Конечно, автор не ставил задачи показать, скажем, языковые особенности М. Шолохова или его связи с фольклором, но и об этом в его книге написано достаточно интересно, с несомненным знанием литературы вопроса (со мной, например, В. Литвинов спорит о роли деда Щукаря, признав, впрочем, масштабы этого персонажа, – я сравнивал его с Санчо Пансой, Кола Брюньоном и др.).

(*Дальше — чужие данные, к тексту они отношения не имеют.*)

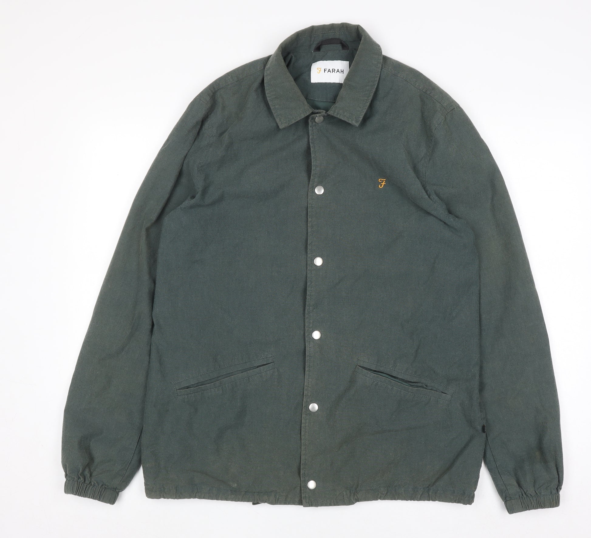 Step up your layering game with this sleek Farah men’s green coach jacket in size M. Designed with clean lines and a minimalist aesthetic, this jacket delivers both comfort and understated style. The outer shell is crafted entirely from cotton, giving it a breathable, soft and durable finish suitable for everyday wear across the seasons. Its rich khaki-green tone makes it versatile and easy to match with any outfit, from casual jeans to smarter chinos.The jacket features a smart point collar, full button closure and two front pockets that combine practical appeal with modern simplicity. The elasticated cuffs and hemline ensure a comfortable fit while helping to maintain shape, making this piece ideal for transitional weather such as spring or autumn. The discrete gold-embroidered Farah logo on the chest adds a touch of refinement and brand identity, completing the classic silhouette.This mid-length cotton jacket is machine washable, allowing for easy care. Its regular fit offers room for layering without being bulky, delivering a timeless, wearable design suitable for both casual days and laid-back evenings. In very good pre-owned condition, it shows only light wear with no significant marks or damage, reflecting careful previous ownership.Whether you’re heading out for a relaxed weekend stroll, meeting friends, or on your commute, this Farah cotton jacket provides dependable style and comfort. Combining practicality with timeless design, it’s the perfect addition to any contemporary wardrobe seeking quality craftsmanship and classic British flair.
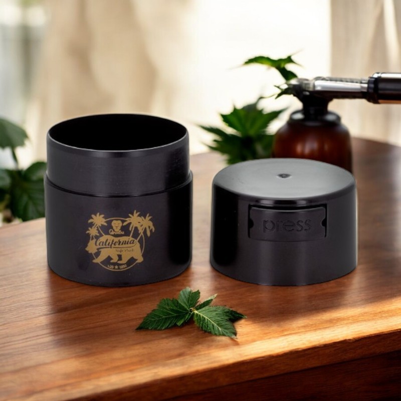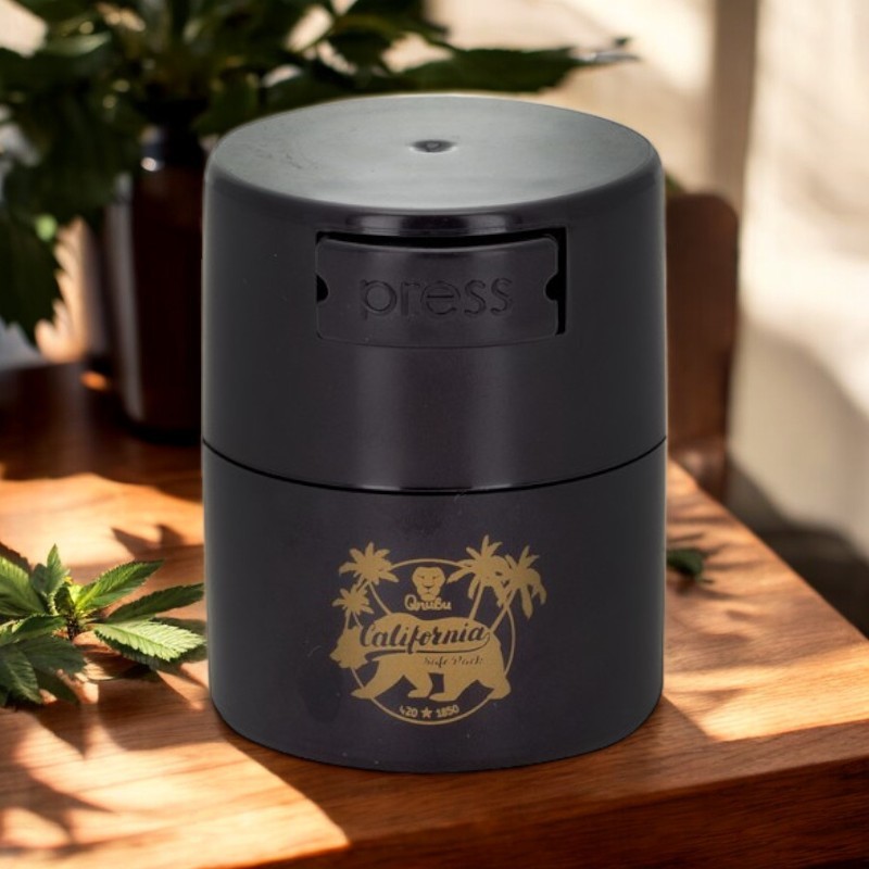 Le Conteneur California 120 ml de Qnubu est un bocal de conservation hermétique sous vide, conçu pour préserver la fraîcheur des fleurs de CBD et herbes aromatiques. Son système Easy Press permet de créer et de libérer le vide d'air en une seule pression. Plastique alimentaire noir opaque, anti-odeur, anti-humidité, sans BPA. Idéal pour un usage quotidien ou des petites quantités.
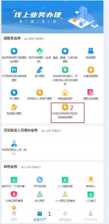 2.首页点击业务大厅,点击“封存达到规定时间且未继续缴存提取”-“我要提取”,阅读并同意《提取承诺(授权)声明》,进入申报页面。如图:
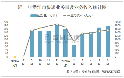 根據各省市郵政局數據可知:2021年6月潛江市快遞業務量為174.65萬件,業務收入為1533.85萬元;2021年1-6月潛江市快遞累計業務量為839.75萬件,同比增長149.83%,累計業務收入為8310.42萬元,同比增長71.91%;2016-2020年潛江市快遞業務量與業務收入均逐年遞增,平均單價存在一定幅度的波動。
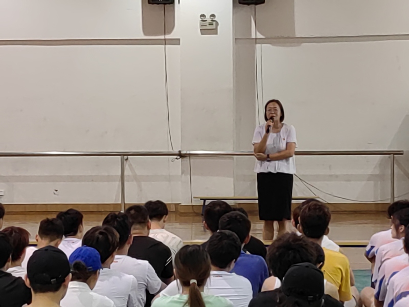6月30日下午,刘莹院长走进体育馆看望暑期备战省运会集训的教练员和运动员并为他们做赛前动员,体艺部叶鹏部长陪同参加。

Книга В. Литвинова изобилует мыслями, яркими открытиями, умелым анализом тех или иных страниц шолоховской прозы. И как закономерный вывод звучат положения о своеобразии психологизма писателя – «это психологизм активного отношения к действительности, борьбы и познания, революционного преображения человеческой сущности. Ясно и бескомпромиссно он отражает партийно-классовую позицию художника. Не удовлетворяясь близлежащим «результатом», он всегда видит душевный мир личности как бы разомкнутым в будущее, в широкой социальной перспективе. Свою безграничную веру в человека он противопоставляет любым попыткам разрушения, дискредитации личности в искусстве, – гуманистичен уже сам подход к проблеме человека, выбор средств для его художественного воплощения» (стр. 349).

Это утверждение психологизма как активной силы, как отражения позиции художника доказано на протяжении всей работы. Доказано и другое: «Решающее направление шолоховского человековедческого исследования – через психологизм реалистический, «жизнеподобный». Он подразумевает пластичность чувства – до резкой физической ощутимости; конкретность, четкую индивидуализацию переживаний, неустанную последовательность в писательском поиске истоков и объективных причин того или иного душевного состояния героя» (стр. 350).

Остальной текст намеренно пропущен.